(Excerpts from a dataset)
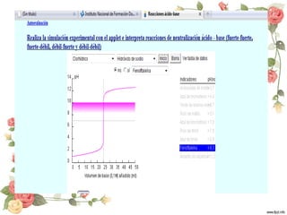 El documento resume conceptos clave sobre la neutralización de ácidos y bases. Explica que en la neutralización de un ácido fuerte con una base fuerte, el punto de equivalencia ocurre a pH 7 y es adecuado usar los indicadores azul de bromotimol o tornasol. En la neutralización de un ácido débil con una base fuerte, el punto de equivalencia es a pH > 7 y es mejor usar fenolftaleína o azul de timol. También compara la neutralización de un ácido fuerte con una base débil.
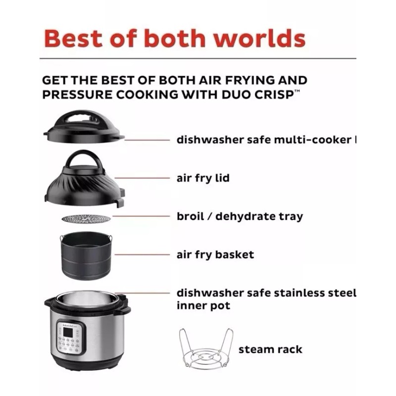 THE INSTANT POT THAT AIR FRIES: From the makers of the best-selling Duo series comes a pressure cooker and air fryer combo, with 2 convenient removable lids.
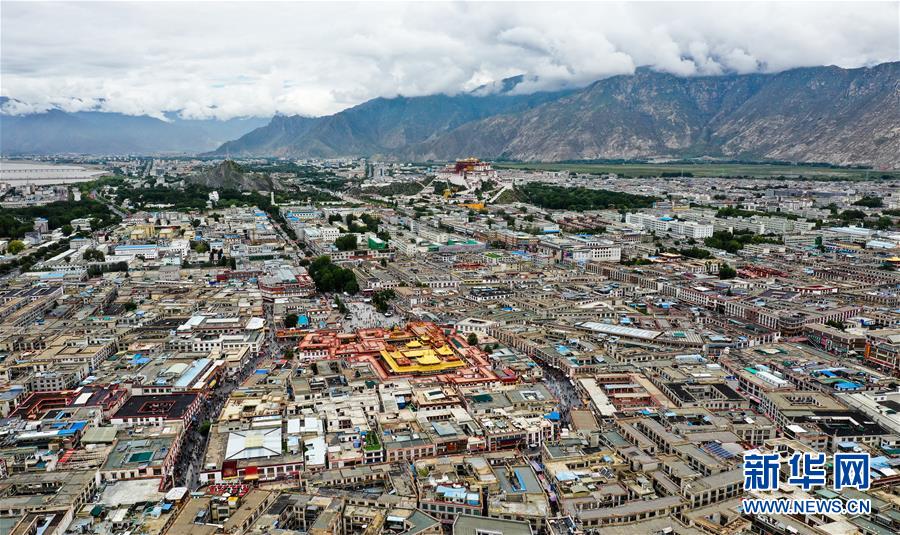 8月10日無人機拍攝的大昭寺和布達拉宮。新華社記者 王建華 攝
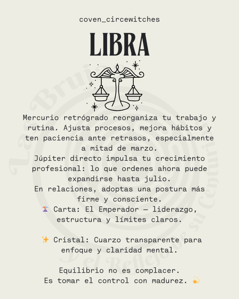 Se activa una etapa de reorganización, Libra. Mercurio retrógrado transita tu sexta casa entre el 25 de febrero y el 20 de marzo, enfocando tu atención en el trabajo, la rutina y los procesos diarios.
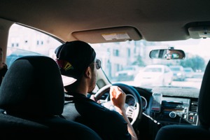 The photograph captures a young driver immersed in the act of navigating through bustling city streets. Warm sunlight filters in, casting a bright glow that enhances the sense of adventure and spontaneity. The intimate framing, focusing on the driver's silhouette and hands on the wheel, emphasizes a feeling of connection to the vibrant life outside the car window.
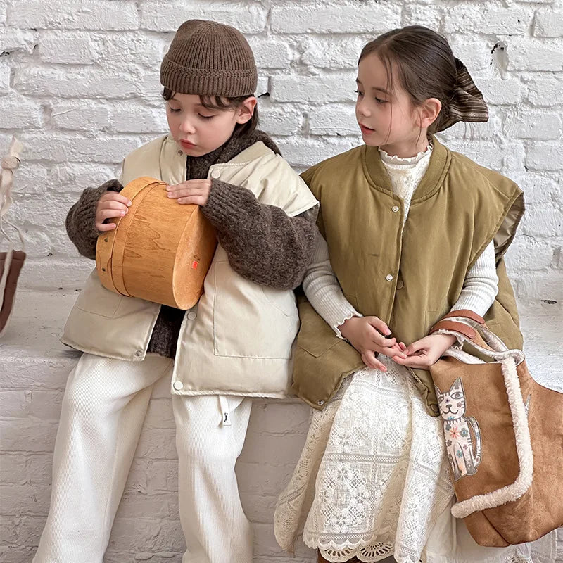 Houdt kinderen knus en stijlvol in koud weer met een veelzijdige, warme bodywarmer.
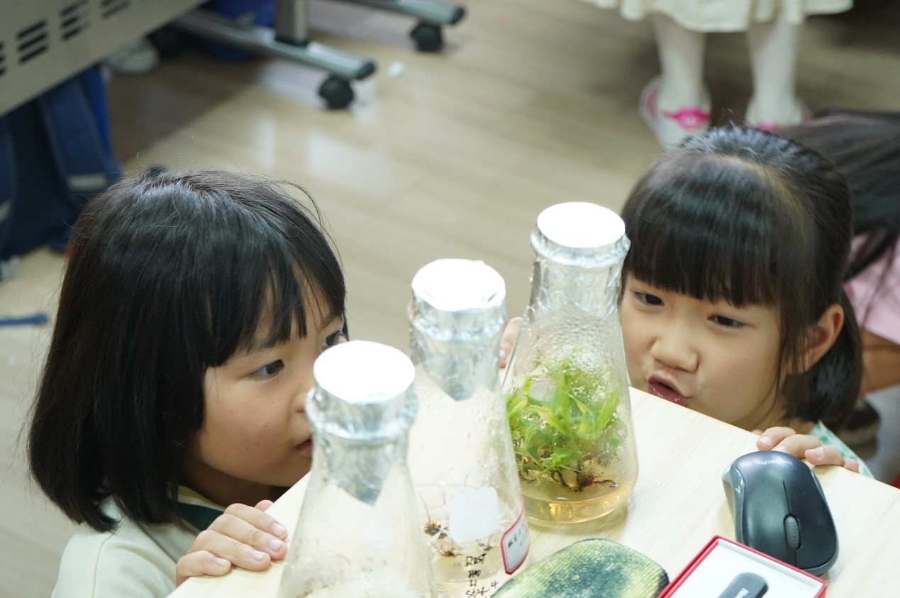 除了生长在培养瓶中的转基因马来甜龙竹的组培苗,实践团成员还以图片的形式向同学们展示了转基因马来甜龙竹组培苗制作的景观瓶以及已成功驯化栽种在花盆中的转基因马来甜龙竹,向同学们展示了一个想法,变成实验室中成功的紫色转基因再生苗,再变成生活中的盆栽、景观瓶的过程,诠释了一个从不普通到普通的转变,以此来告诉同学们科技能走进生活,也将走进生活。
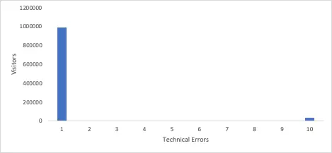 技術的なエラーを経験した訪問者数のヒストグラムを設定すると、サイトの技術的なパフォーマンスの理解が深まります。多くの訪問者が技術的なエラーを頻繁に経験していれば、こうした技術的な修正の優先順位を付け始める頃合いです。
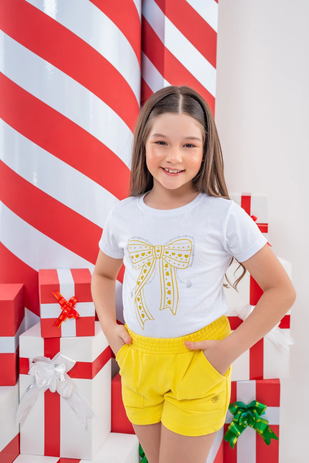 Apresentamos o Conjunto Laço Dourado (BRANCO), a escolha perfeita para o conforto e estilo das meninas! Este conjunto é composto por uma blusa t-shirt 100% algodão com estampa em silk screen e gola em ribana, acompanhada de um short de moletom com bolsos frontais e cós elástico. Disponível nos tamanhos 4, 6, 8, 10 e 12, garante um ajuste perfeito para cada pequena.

*Assigned task:* Output only the lines from the start of the data through the line that holds "8月10日無人機拍攝的大昭寺和布達拉宮。新華社記者 王建華 攝". Keep them exact and leave the pictures out.

*Worked solution:*
 El documento resume conceptos clave sobre la neutralización de ácidos y bases. Explica que en la neutralización de un ácido fuerte con una base fuerte, el punto de equivalencia ocurre a pH 7 y es adecuado usar los indicadores azul de bromotimol o tornasol. En la neutralización de un ácido débil con una base fuerte, el punto de equivalencia es a pH > 7 y es mejor usar fenolftaleína o azul de timol. También compara la neutralización de un ácido fuerte con una base débil.
 THE INSTANT POT THAT AIR FRIES: From the makers of the best-selling Duo series comes a pressure cooker and air fryer combo, with 2 convenient removable lids.
 8月10日無人機拍攝的大昭寺和布達拉宮。新華社記者 王建華 攝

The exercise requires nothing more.